**EXERCISE PROMPT**
With the pictures omitted, repeat exactly the lines below starting with the line that has "The ExtraStar Smart" and going on through the line that has "- Special Designs: Black".

**DATA FOR REVIEW**

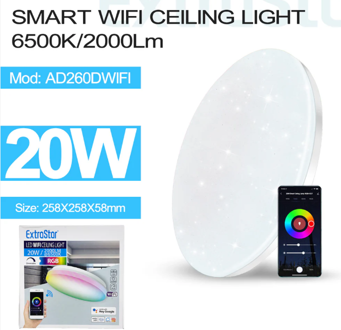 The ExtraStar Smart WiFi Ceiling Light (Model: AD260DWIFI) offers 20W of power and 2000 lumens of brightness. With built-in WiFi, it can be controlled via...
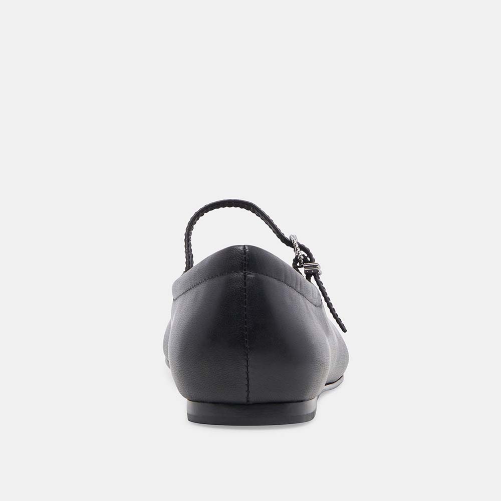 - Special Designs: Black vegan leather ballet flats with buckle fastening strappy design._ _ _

...

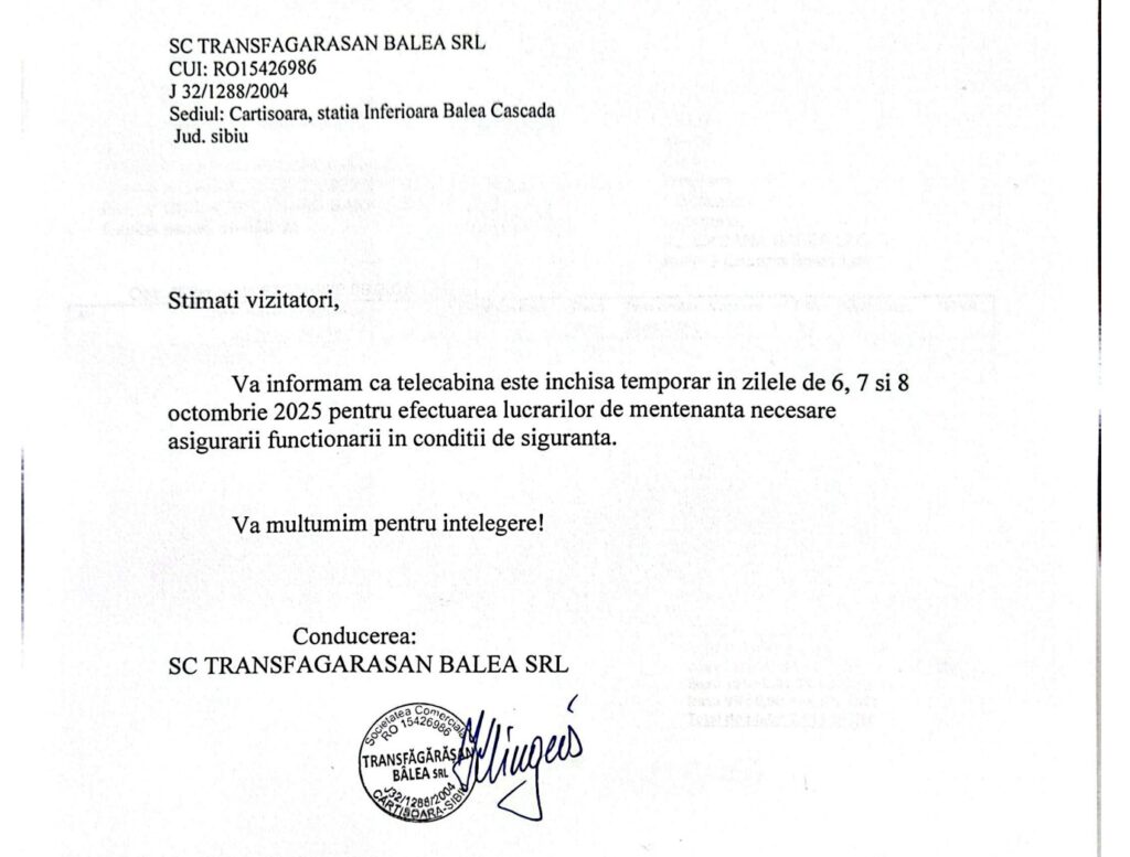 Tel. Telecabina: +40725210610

**OUTPUT OF THE TASK**
 The ExtraStar Smart WiFi Ceiling Light (Model: AD260DWIFI) offers 20W of power and 2000 lumens of brightness. With built-in WiFi, it can be controlled via...
 - Special Designs: Black vegan leather ballet flats with buckle fastening strappy design._ _ _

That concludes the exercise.